August 19, 2020 //   5 minute read

At the beginning of March, when businesses closed their doors and asked employees to work from home, a group sprung up at the George W. Bush Institute called Mom Talk. It’s a gathering of friends, some former educators, sharing ideas, discussing stress points, and— most importantly— providing encouragement.

Mom Talk helped us survive those first few months of social distancing.

Tip: If you aren’t able to close the door to your home office, check out the Calm app. It has great music that can help you focus and block out background noise. Plus, meditation seems like a good strategy for 2020.

In August, our conversation shifted from summer activities to managing virtual learning. For some in this group, the first day of school has come and gone. For others, the day is looming. So we did what we have been doing for months: We all turned to Mom Talk.

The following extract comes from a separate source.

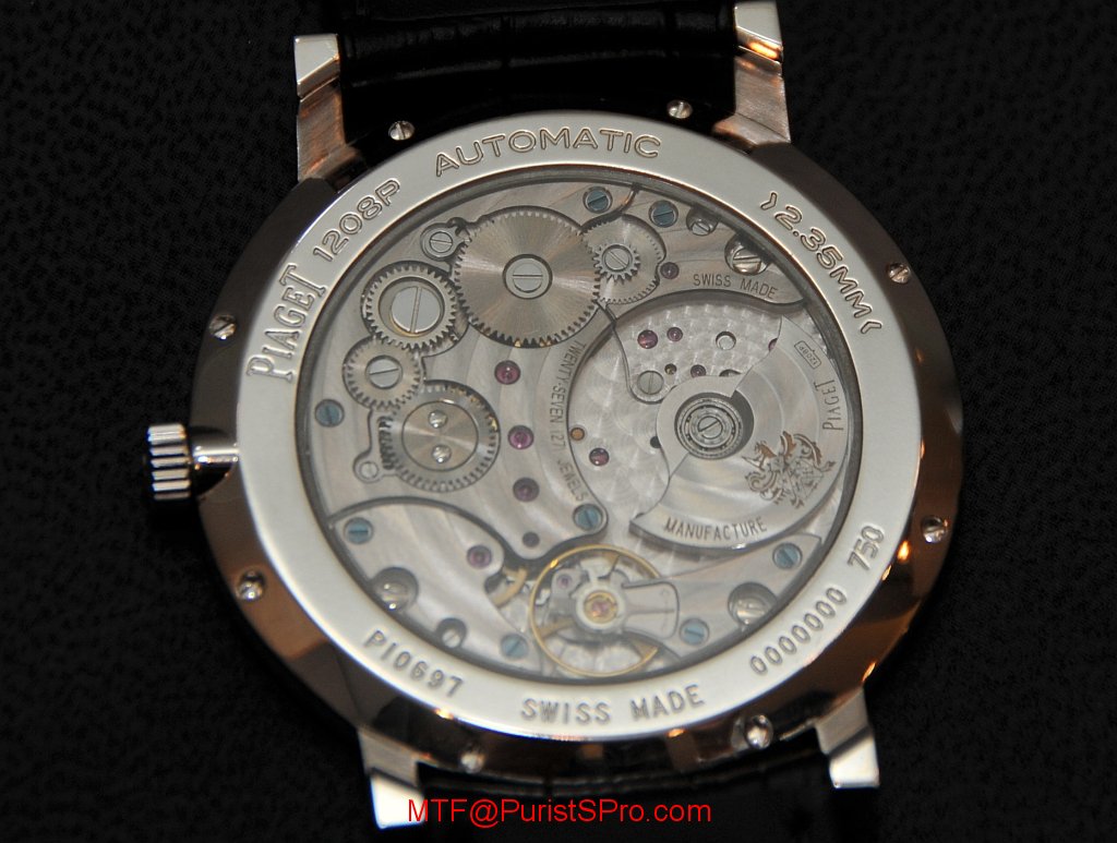 For Piaget, 2010 A.D. will represent a tribute to their rich watchmaking heritage as well as a horological leap towards the future. To celebrate the 50th anniversary of the introduction of its legendary world’s thinnest mechanical self-winding movement (at that time); Calibre 12P in 1960, the Manufacture de Haute Horlogerie Piaget is presenting Calibre 1208P. This new mechanism once again is the thinnest self-winding movement currently on the market, at 2.35 mm. A first record. That's only the thickness of 2 compact discs!
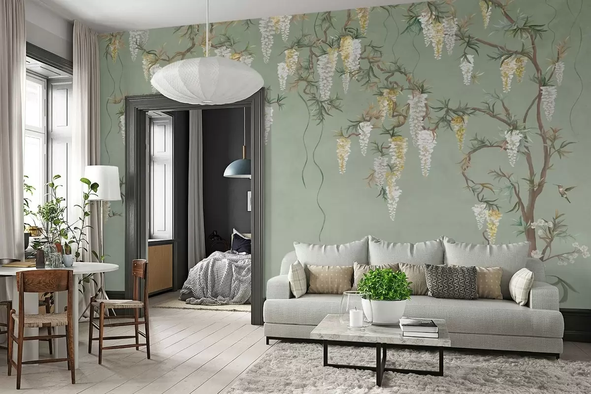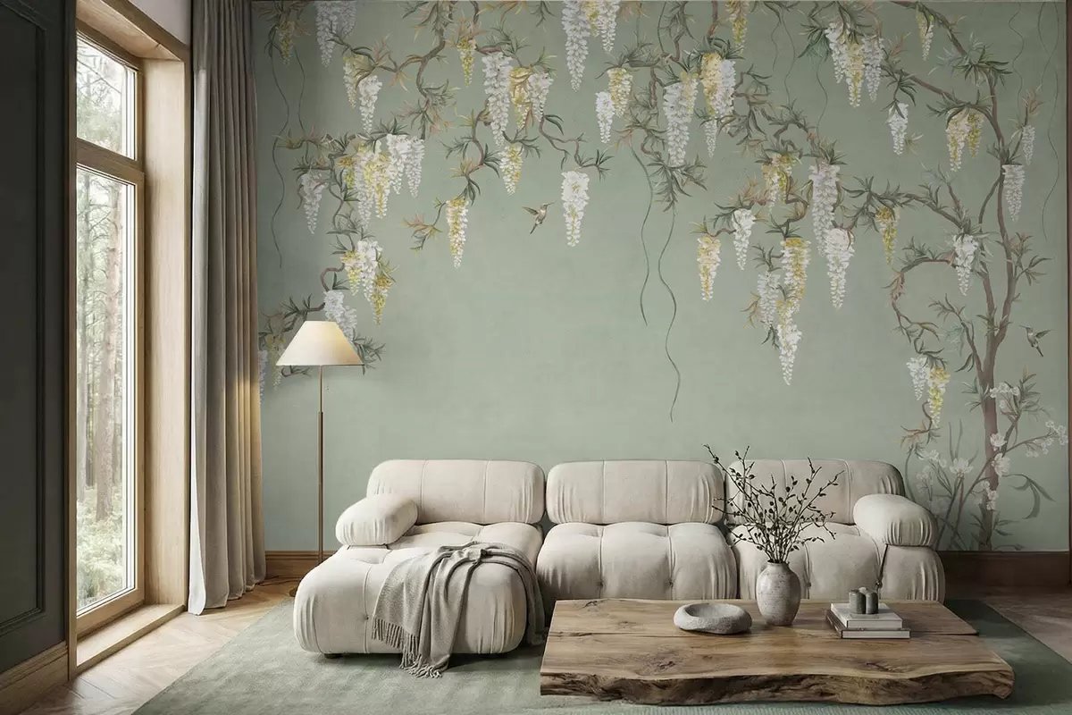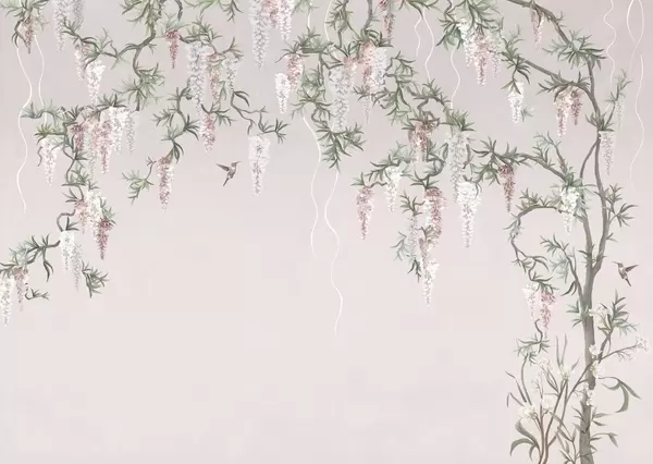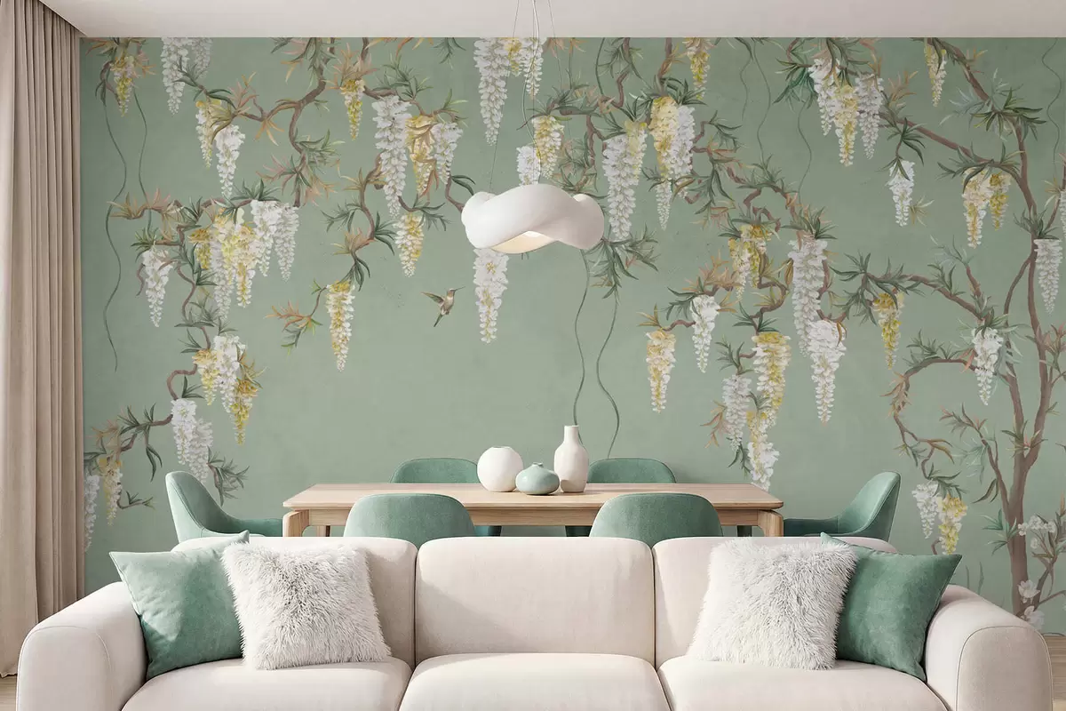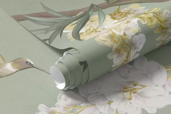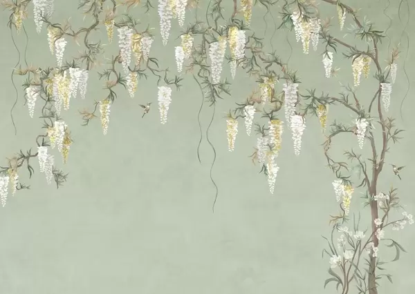 Fototapeten Blühende Zweige mit weißen Blüten und Vögeln auf grünem Hintergrund N° w05394

To help navigate the many Zoom meetings children have, some of the moms are turning their kitchen tables into desks for both their kids and themselves.

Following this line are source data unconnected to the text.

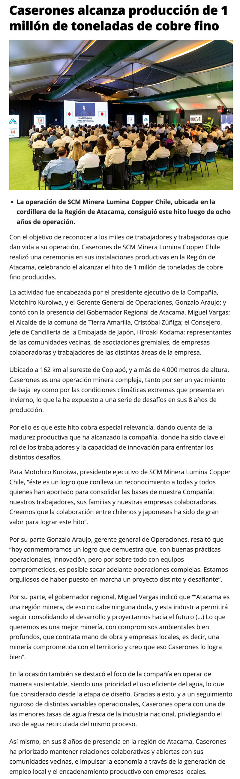 Minera Caserones llega a un millón de toneladas de cobre fino producidas - (El Mercurio de Santiago)
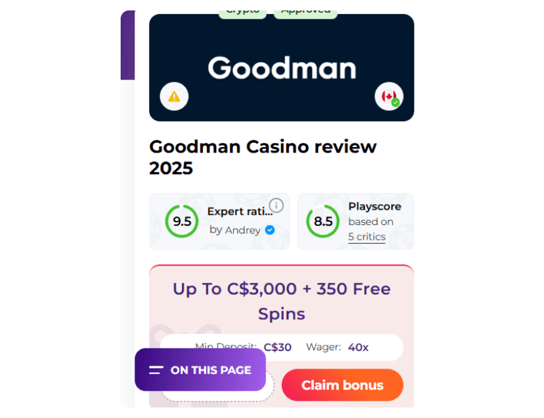 Goodman Casino bonuses highlights and quick facts
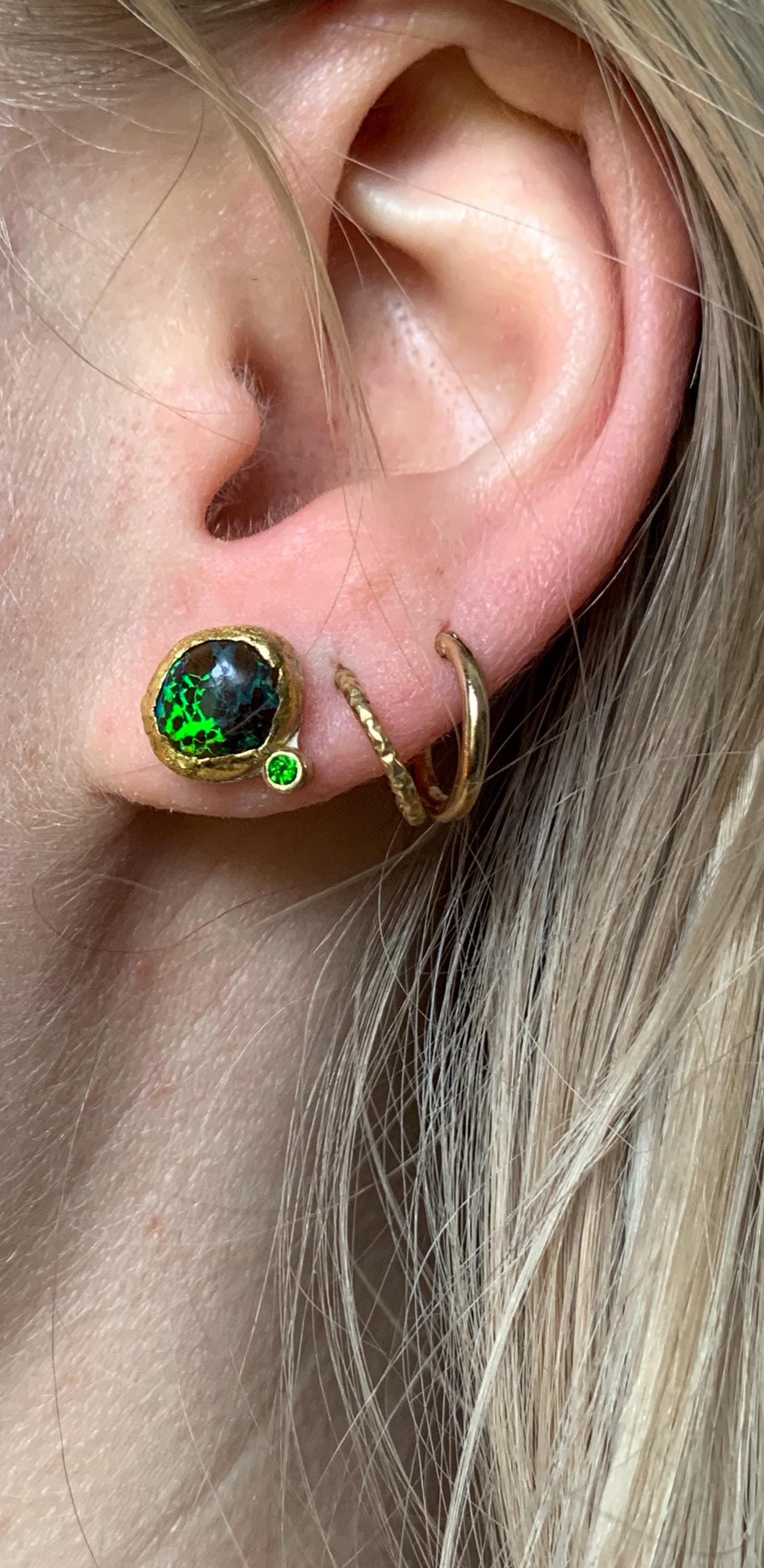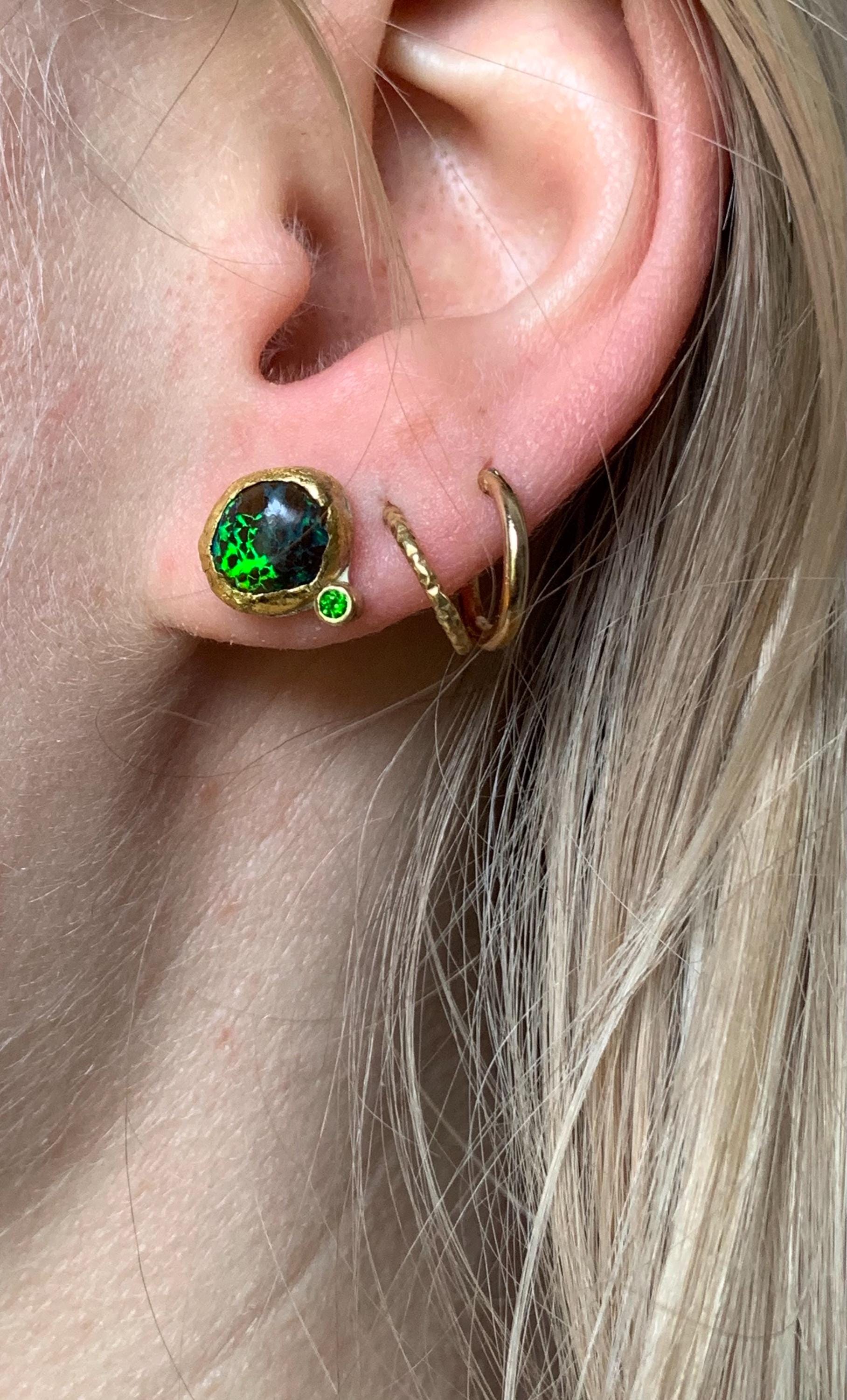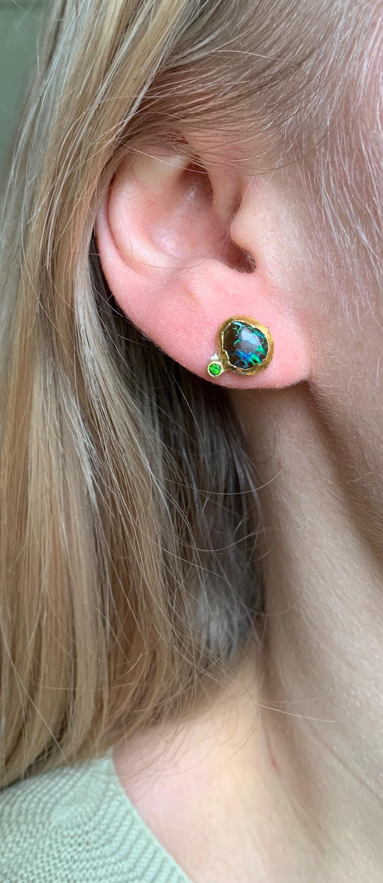 The studs are done in silver with 2 solid australian boulder opals ( 4,85 ct the both; 0,92 cm x 0,81 cm and 0,92 cm x 0,76 cm ) setted in 24 k fine gold and 2 little tsavorites ( 2 mm ) setted in 18 k gold.

Tip: To mitigate distractions, set up a trifold with fun stickers, encouraging words, and the class schedule. Make sure to teach your child how to mute their microphone. You don’t want to be the parent interrupting a Zoom class.

Our children range in age from newborn to middle school. Some of the guidance is serious, while -- typical for Mom Talk— some of the advice gave us all a good chuckle.

Tip: When your kindergartner asks for a midmorning “latte,” use a tablespoon of coffee and a bunch of steamed milk.

Some of the moms shared the questions they were asking their children’s teachers before school officially kicked off. Others told us what they wished they had asked.

Tip: Don’t be afraid to ask questions. You aren’t bothering the teachers if you do it in a polite way. And ask very specific questions. For example, “what exactly is the schedule for my child?” is fine. One mom realized the schedule was never emailed, making the first day of school a bit of a scramble.

Direct questions will set you and your child up for success.

We are fortunate to have the technology needed for virtual learning. We recognize that many parents don’t have the same access to tech that we do. It’s important to communicate with your school and see what resources they have available to you. Programs like Wide Open School may also be useful.

Tip: Test all the technology in an almost obsessive way to make sure that when there are issues, it’s not on your end. When something does go wrong, stay calm. If you are calm in front of your children, they will remain calm. And don’t be afraid to ask questions from other parents or in the Facebook group your school may have.

We have many Type A personalities in the group, and making backup plans can almost be therapeutic for us. Especially in an environment where we rely heavily on tech.

Tip: Have a Plan A through D. You’ll probably need them the first few weeks of school. But don’t be afraid to deviate from your plans.

The virtual-learning environment is allowing us to see our children interact with others. We are watching and learning how they communicate with their friends and teachers.

One kindergartner was too shy on the first day of school to participate. Her mom shared, “It was good for me to see how she interacts so that I can think of ways to better support her.”

Lunch and recess have also provided us with some challenges. How do we juggle their free time with our meetings?

Tip: Pack lunchboxes and snacks the night before. One set for you and one for your child. That way, you won’t have to worry about what to feed your child during the day.

One of our moms has been “quaranteaming” with a few neighbors. Together, they have created “extracurricular” activities for the children, and they have shared responsibilities. The effort has helped address kids’ lack of social interaction.

Tip: Set up a Thursday game night, a Tuesday get-out-and-move night, and a Sunday science day even if you don’t have a quaranteam. Fun schedules like these help kids learn and grow.

We are all learning as we go and facing new struggles— just like every other parent out there. But it’s the sense of community that keeps us moving forward. Mom Talk is good for the soul.